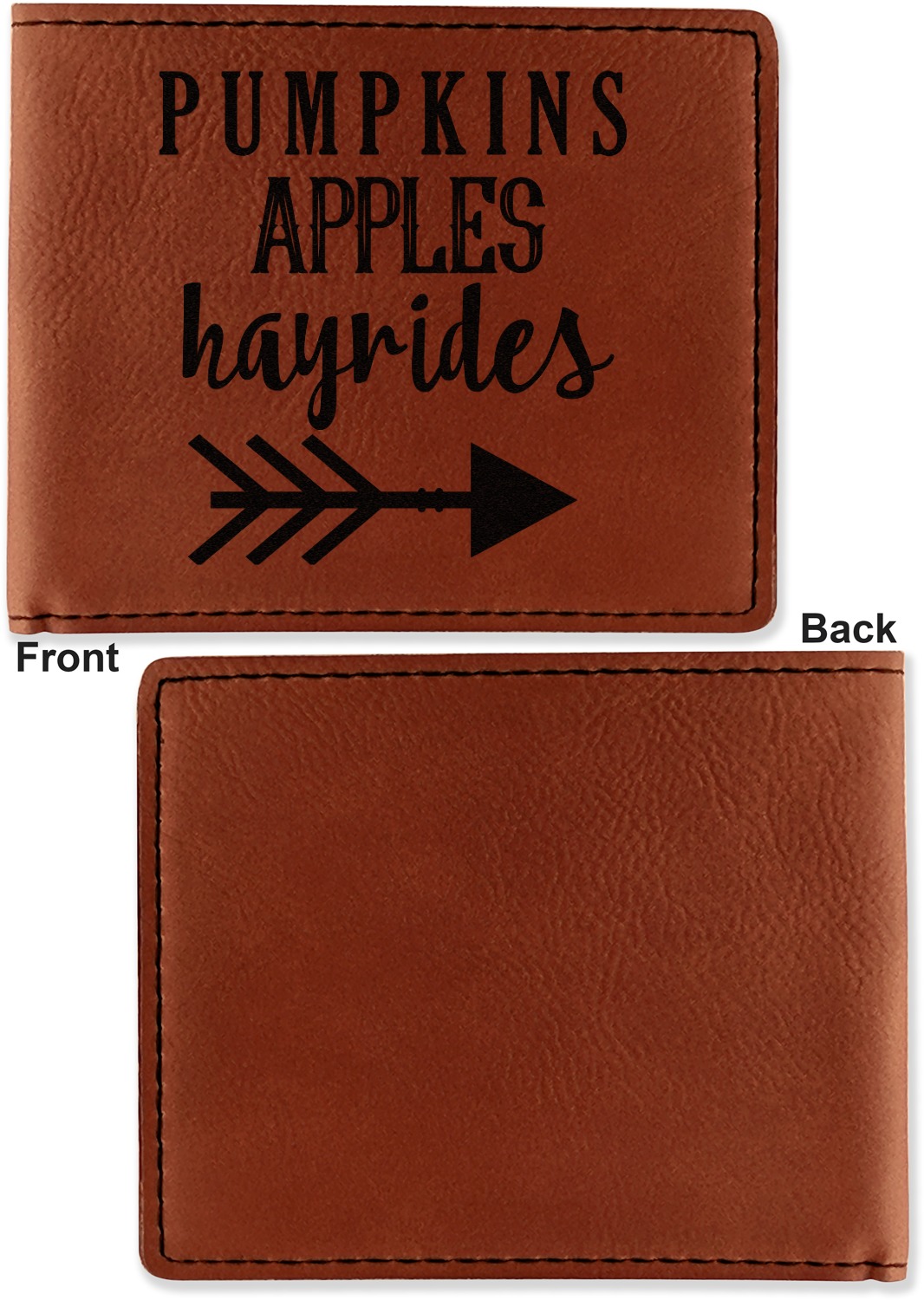 Your bifold wallet will be personalized by laser engraving, which will be a black color on the wallet. Choose a graphic, text, or monogram to personalize your wallet. There are thousands of choices in our design center.
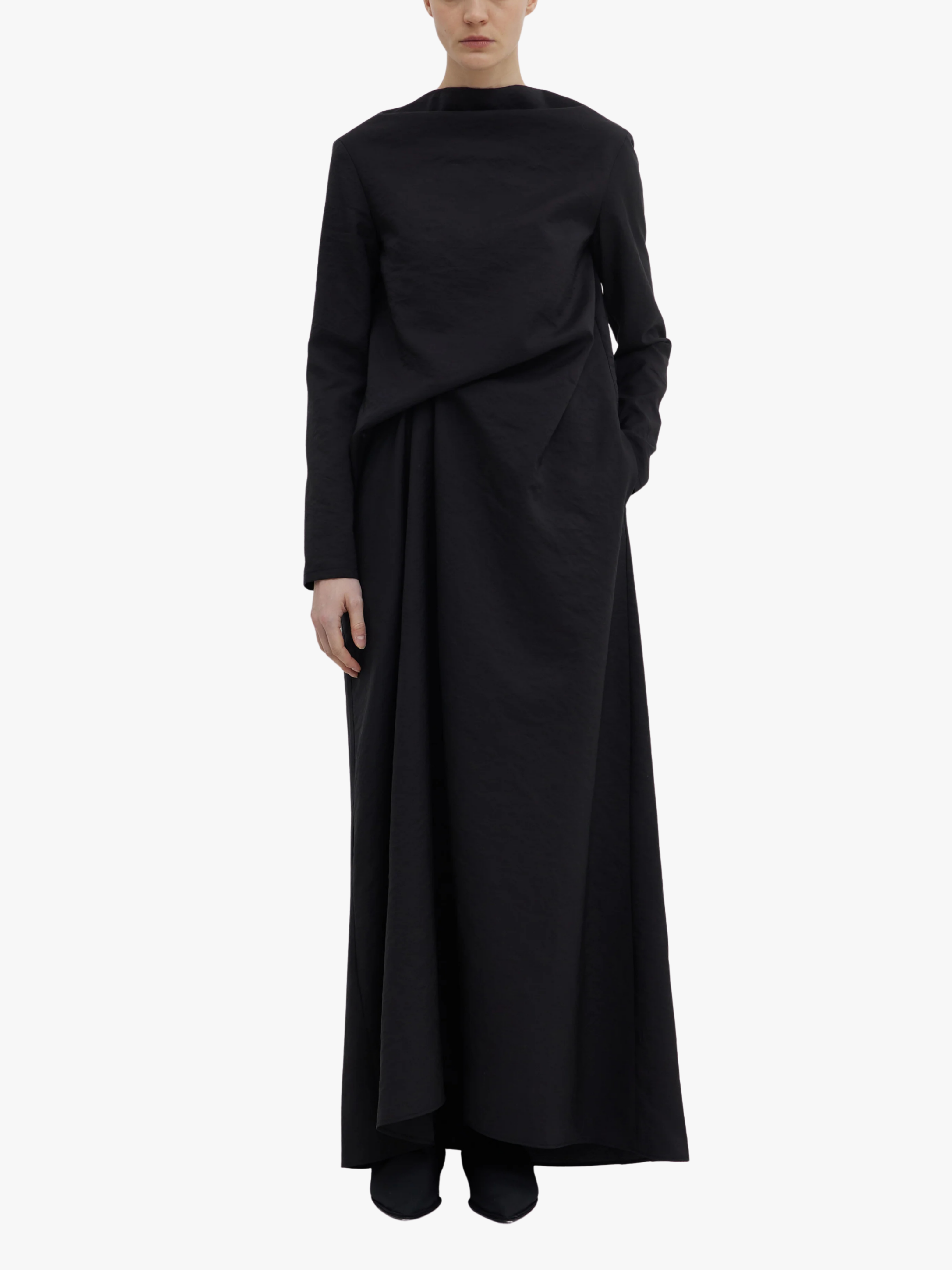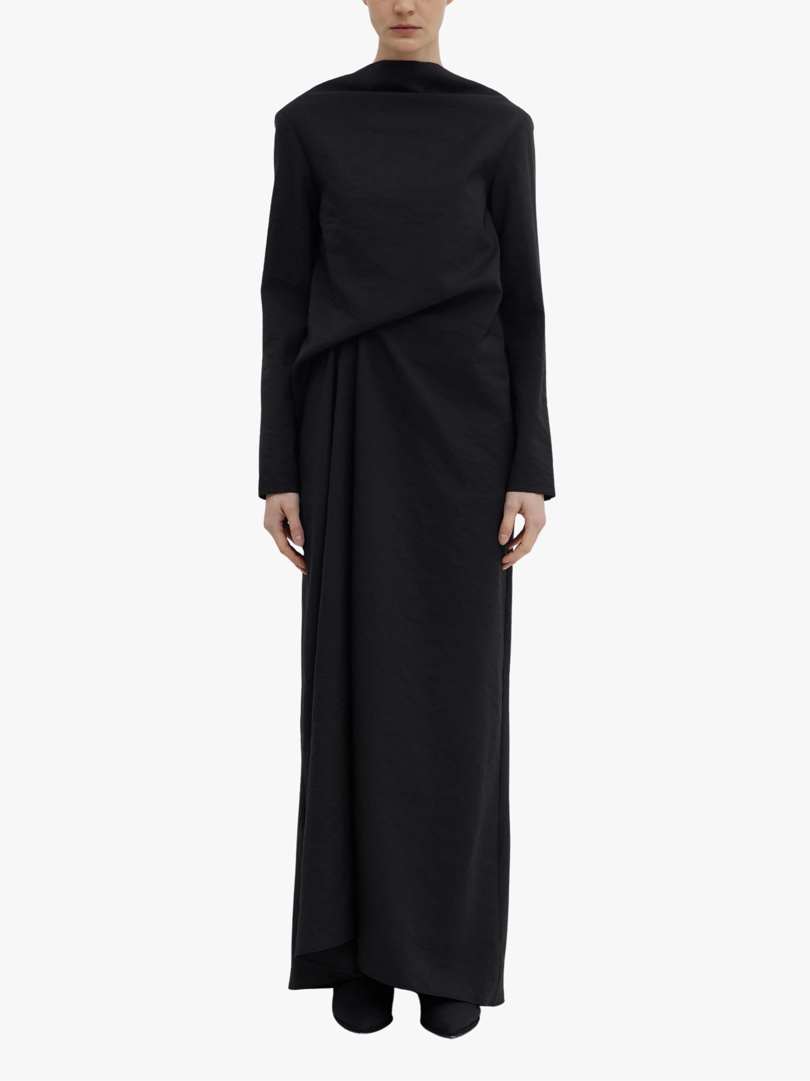 • Hoher Halsausschnitt und subtile Asymmetrie im Oberteil – verleiht dem Kleid eine moderne, architektonische Silhouette
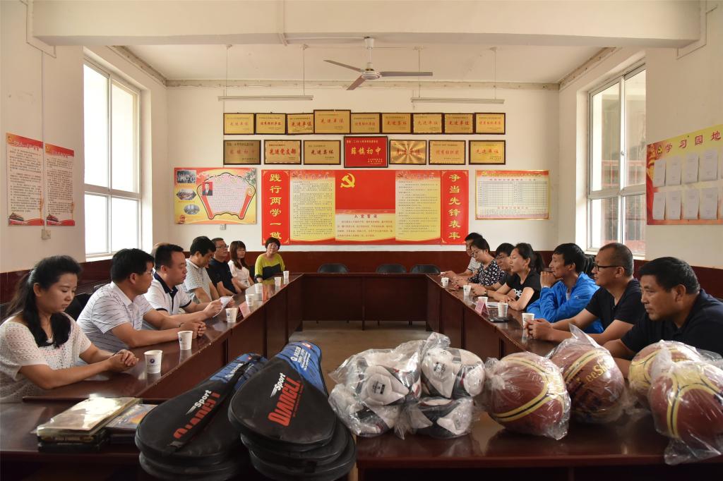 向薛镇初级中学赠送了足球、篮球、乒乓球、毽球、拔河绳等体育用品。
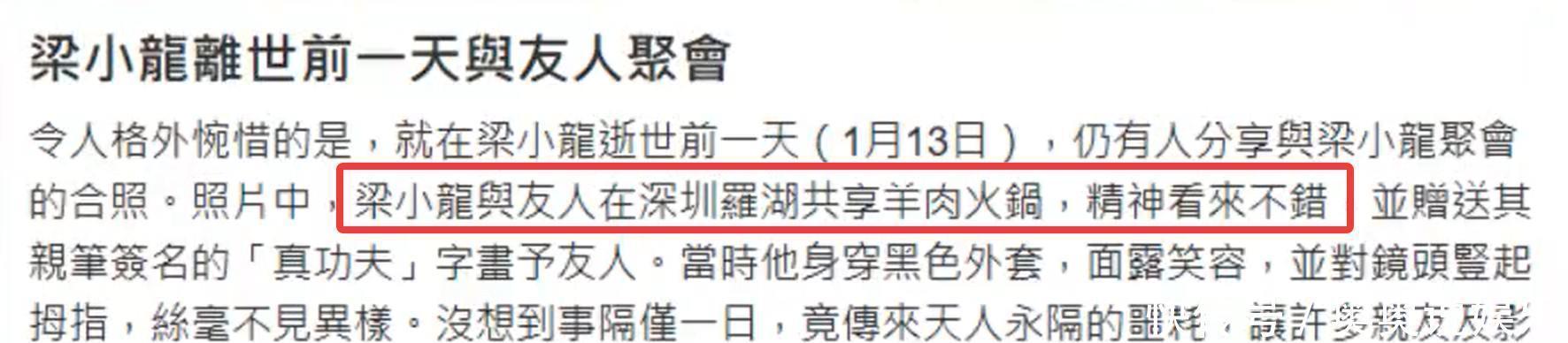 关于去世原因没人给出具体说法,目前只有圈里消息跟家人辟谣,大家随即转入低调,忙活处理后事。斯人已去,留给观众和后辈的全是江湖侠骨和银幕背后那个温和耐心、和蔼可亲的功夫老前辈。谁也没想到,和朋友的火锅小聚成了绝唱。大家都说,小时候因为“火云邪神”喜欢上搞笑,也因为梁小龙喜欢上功夫,能影响几代人的演员,真的不多见。

####################

• **WHAT NEEDS TO BE DONE**
Retype exactly, and only, the lines from the one containing "moderne, architektonische Silhouette" through the end of the material, leaving aside every picture.

• **EXPECTED ANSWER**
 • Hoher Halsausschnitt und subtile Asymmetrie im Oberteil – verleiht dem Kleid eine moderne, architektonische Silhouette
 向薛镇初级中学赠送了足球、篮球、乒乓球、毽球、拔河绳等体育用品。
 关于去世原因没人给出具体说法,目前只有圈里消息跟家人辟谣,大家随即转入低调,忙活处理后事。斯人已去,留给观众和后辈的全是江湖侠骨和银幕背后那个温和耐心、和蔼可亲的功夫老前辈。谁也没想到,和朋友的火锅小聚成了绝唱。大家都说,小时候因为“火云邪神”喜欢上搞笑,也因为梁小龙喜欢上功夫,能影响几代人的演员,真的不多见。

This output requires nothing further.